Going back to the Bactrians' origin, let us rely on Anthony and follow his choice of linguists and archeologists that identify the area north of the Black Sea and extending eastward to the Caspian as the probable origin of an extensive cultural expression among people whose skeletons and mummified remains show physical traits of the people now called Indo-Europeans, based on the language family that connects them.  From Welsh Gaelic to ancient Sanskrit, in Iceland and in India, the languages are related through a root language that we call Indo-European.  The cultural objects from pots and ornaments to the clothes on the 3,500 year old mummies in northwestern China, we find that they wore twill woven plaid garments, and sometimes had red hair and blue eyes.  Of course, there were many that looked more like the people of Tadjikistan or northern India as well.  
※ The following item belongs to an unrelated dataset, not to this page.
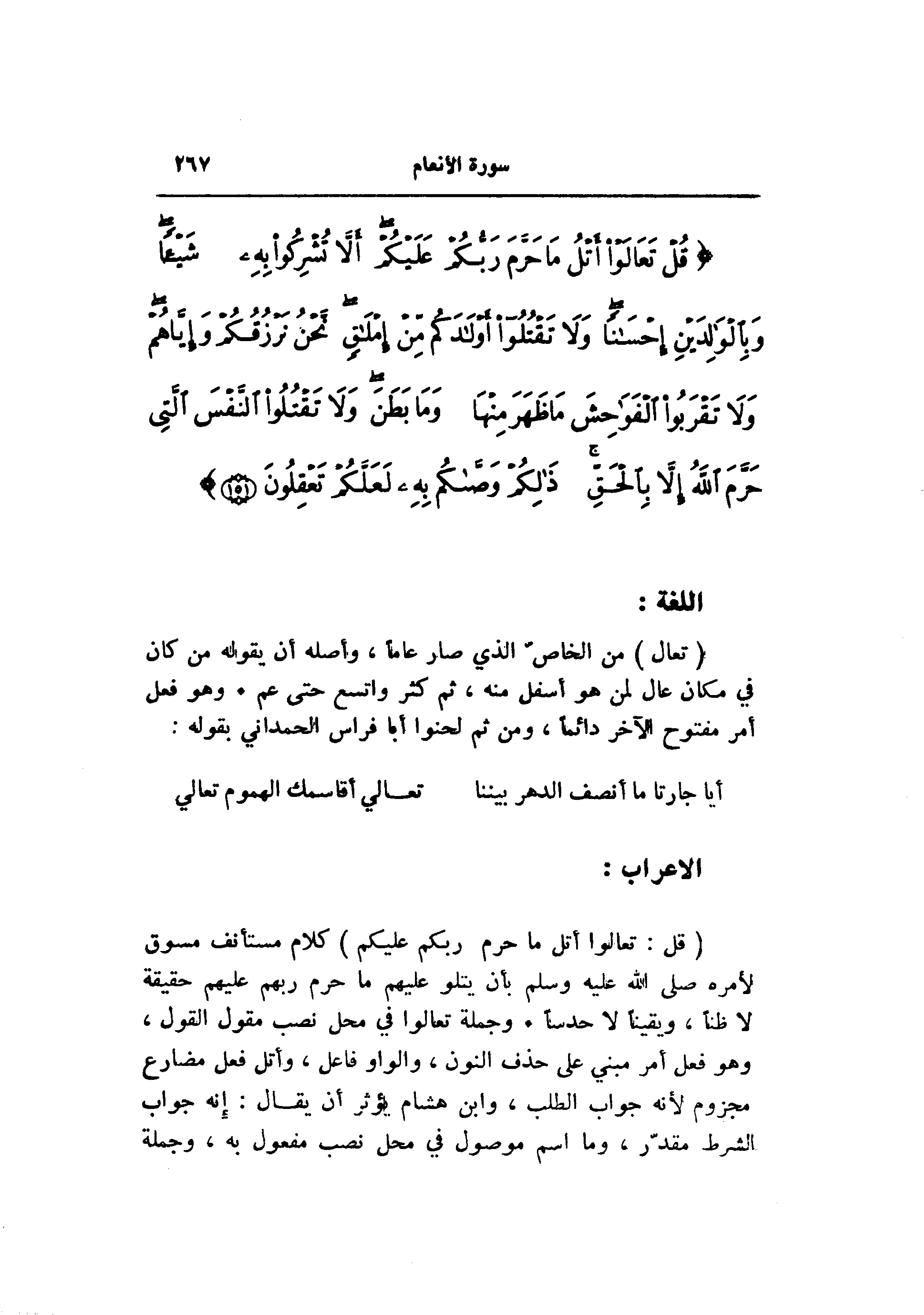 (قُلْ: تَعالَوْا أَتْلُ ما حَرَّمَ رَبُّكُمْ عَلَيْكُمْ) كلام مستأنف مسوق لأمره صلى الله عليه وسلم بأن يتلو عليهم ما حرم ربهم عليهم حقيقة لا ظنا، ويقينا لا حدسا. وجملة تعالوا في محل نصب مقول القول، وهو فعل أمر مبني على حذف النون، والواو فاعل، وأتل فعل مضارع مجزوم لأنه جواب الطلب، وابن هشام يؤثر أن يقال: إنه جواب الشرط مقدّر، وما اسم موصول في محل نصب مفعول به، وجملة

But over all, the people who left the steppes north of the Black Sea and moved South and East, covering over a thousand miles in just a matter of a few centuries, and settling the Anatolian-Iranian plateau, oases in the area around the Kopet Dagh and along the Amu Darya, and finally through the steppes of Kazakhstan and southern Siberia, this easternmost branch settled the area east of the Kunlun Shan and west to the Tarim Basin of northwestern China.  With them they all carried some elements of what became the Indo-European material culture of the second and first millennium B. C.  Their metaphysical culture seemed to include a theological system of belief in the dualistic nature of the universe; a belief in the Good Force and the Evil Force.  As they created amulets to carry or to wear on their person, they shaped in clay, carved in stone, engraved on bone, wood or gemstones the figures that represented these forces.  Often they showed the forces in physical struggle on their personal ornaments and on ritual objects.  

The Bactrians showed a heroic figure, sometimes a human with an animal's head,  battling with whatever symbol represented Evil in their artistic imagination.  More often than not, the eagle or a human with a bird-like head was chosen to represent the force of Good, usually in the position of vanquishing the force of Evil,  represented by coiled or writhing serpents.  

As one example, I offer a drawing from a cast bronze miniature seal from Bactria:

after Sarianidi, 1998
In this seal iconography, we can see the eagle-headed winged human representing the force of Good and the Evil Force is represented by six or seven scaled, writhing cobra-like serpents with their crests flared being held and controlled by the hero figure.   The angelic eagle-human is in a kneeling posture, adding to the probability that this cast bronze amulet is religious art.